I assume the optimization can only happen because local=param at all times (or the values are not subsequently accessed). The optimizer is being clever enough to spot that the memcpy doesn't result in different values for the parameter / local variable? So if we had "memcpy(&local, &param);" instead of my error-checking version, would this be removed by the optimizer, or executed (with &local == &param)?

Posted by Lawrence [MSFT] on 4/19/2010 at 4:27 PM
Hello Daniel,

I am the developer assigned to investigate this issue.
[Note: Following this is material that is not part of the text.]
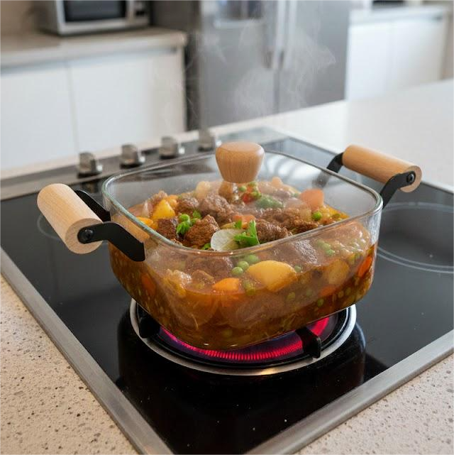 Olla de Borosilicato Modelo (3.5L) 🍜 🌡️ ✨: Especialmente diseñada con mayor altura para cocinar caldos y sopas sin riesgo de que se desborden. El vidrio de alta resistencia asegura que el calor se distribuya uniformemente para una cocción perfecta en cada receta.

Thank you for the more readable repro in your last post.    I will be referring to it when I describe the issue.

So this behavior is a result of the compiler inlining the function failOptimize which would then make the parameter param be a local variable. This would make param subject to optimizations; more specifically stack packing (an optimization that places local variables in the same stack address space to reduce stack space). This makes param and “local” share the same stack offset and so they would overlap. Based on the nature of the compiler this is by design for optimize builds.

What is the nature of your program that you require the parameter and local variable to not overlap? A simple workaround is to prevent the function from being inlined or to wrap the function with #pragma optimize ( “”, off).

Thank you,
Lawrence Joel
Posted by Helen [MSFT] on 4/1/2010 at 8:34 PM
Thanks for your feedback.

We are rerouting this issue to the appropriate group within the Visual Studio Product Team for triage and resolution. These specialized experts will follow-up with your issue.

Thank you
Posted by BlueRaja on 4/1/2010 at 2:08 PM
sorry forgot to mention, also using VS 2008 SP1, XP Pro.
Posted by BlueRaja on 4/1/2010 at 2:06 PM
I can confirm this behavior. Here is a version I think makes the problem more clear:

void failOnOptimize(unsigned long param)
    unsigned long local = 0;
    char* localEnd = ((char*)&(local)) + sizeof(local);
    char* paramEnd = ((char*)&(param)) + sizeof(param);

    //Check for overlap
    if (localEnd < (char *)&(param) ||
        paramEnd < (char *)&(local))